## Data to use

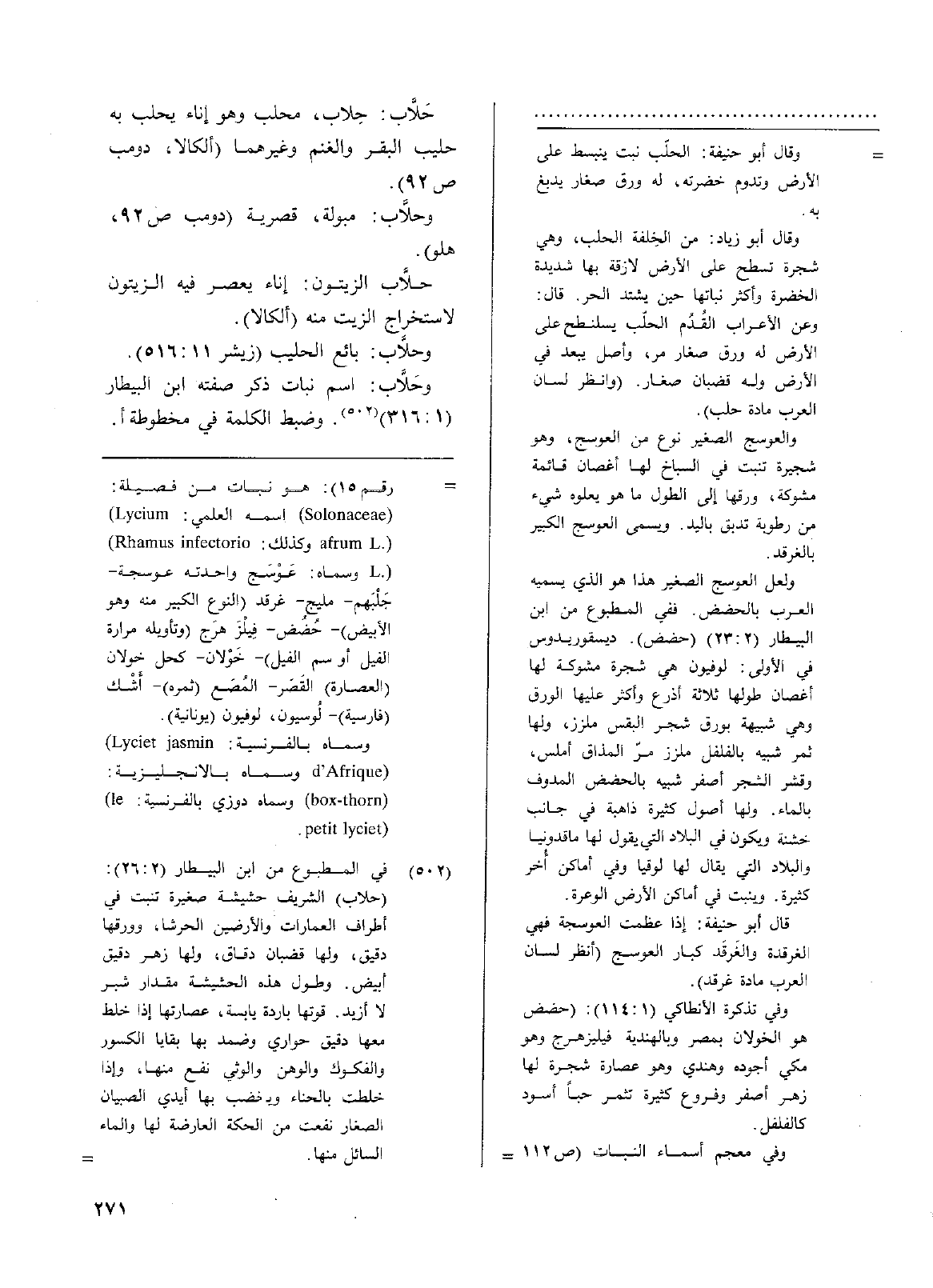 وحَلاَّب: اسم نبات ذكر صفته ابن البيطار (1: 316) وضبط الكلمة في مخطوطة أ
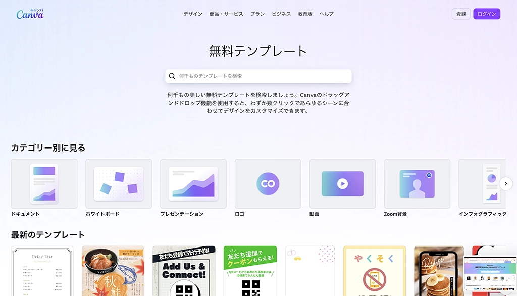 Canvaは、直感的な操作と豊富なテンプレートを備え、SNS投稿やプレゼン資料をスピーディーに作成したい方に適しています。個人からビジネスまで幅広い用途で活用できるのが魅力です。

---

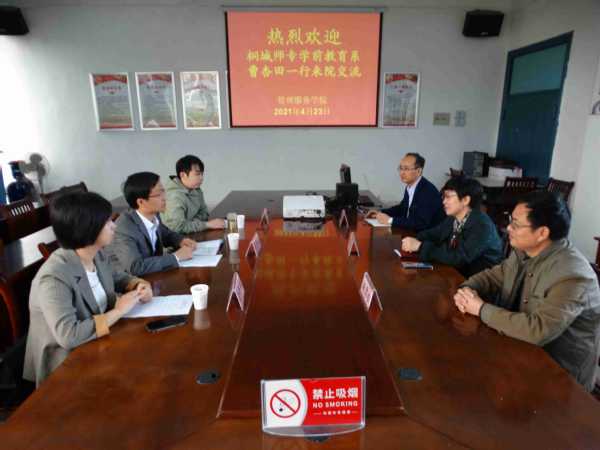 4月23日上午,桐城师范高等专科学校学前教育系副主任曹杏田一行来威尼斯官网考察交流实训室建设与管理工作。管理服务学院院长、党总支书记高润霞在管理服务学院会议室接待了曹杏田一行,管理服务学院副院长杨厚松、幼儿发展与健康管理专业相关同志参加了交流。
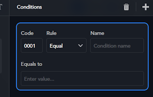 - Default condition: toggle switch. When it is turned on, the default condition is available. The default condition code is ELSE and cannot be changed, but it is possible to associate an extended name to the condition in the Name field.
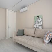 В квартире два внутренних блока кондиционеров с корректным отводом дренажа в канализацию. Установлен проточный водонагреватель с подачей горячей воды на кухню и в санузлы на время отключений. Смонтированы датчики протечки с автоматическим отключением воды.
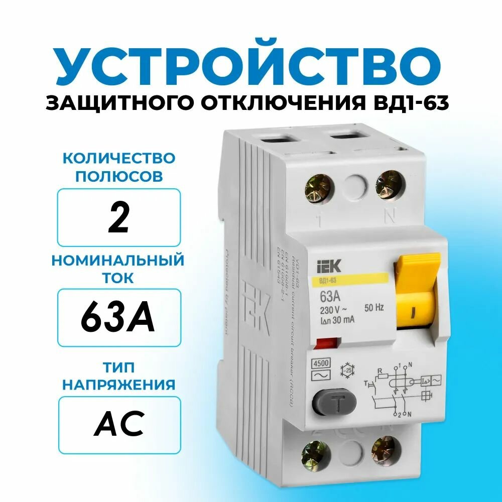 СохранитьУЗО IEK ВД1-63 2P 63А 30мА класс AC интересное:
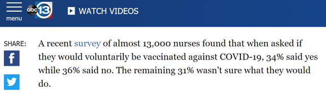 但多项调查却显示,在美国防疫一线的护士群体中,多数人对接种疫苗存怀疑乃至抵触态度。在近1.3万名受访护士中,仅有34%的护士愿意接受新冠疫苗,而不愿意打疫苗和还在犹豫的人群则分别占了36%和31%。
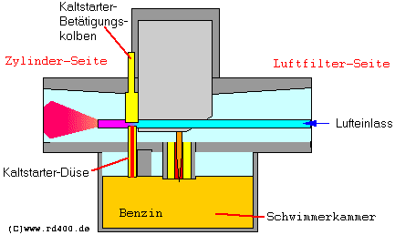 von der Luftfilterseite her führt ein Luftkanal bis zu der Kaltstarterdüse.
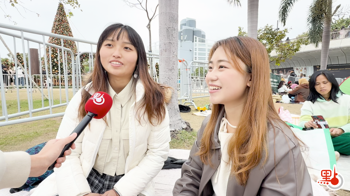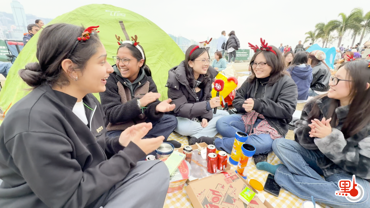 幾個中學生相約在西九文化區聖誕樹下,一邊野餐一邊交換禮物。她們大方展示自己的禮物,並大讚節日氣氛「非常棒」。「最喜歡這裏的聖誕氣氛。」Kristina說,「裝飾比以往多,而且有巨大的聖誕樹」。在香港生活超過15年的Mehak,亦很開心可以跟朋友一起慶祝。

## Task
Starting at the line containing "وحَلاَّب: اسم نبات" and stopping at the line containing "Canvaは、直感的な操作と", output every line above exactly, both ends included, with pictures omitted.

## Exercise solution
 وحَلاَّب: اسم نبات ذكر صفته ابن البيطار (1: 316) وضبط الكلمة في مخطوطة أ
 Canvaは、直感的な操作と豊富なテンプレートを備え、SNS投稿やプレゼン資料をスピーディーに作成したい方に適しています。個人からビジネスまで幅広い用途で活用できるのが魅力です。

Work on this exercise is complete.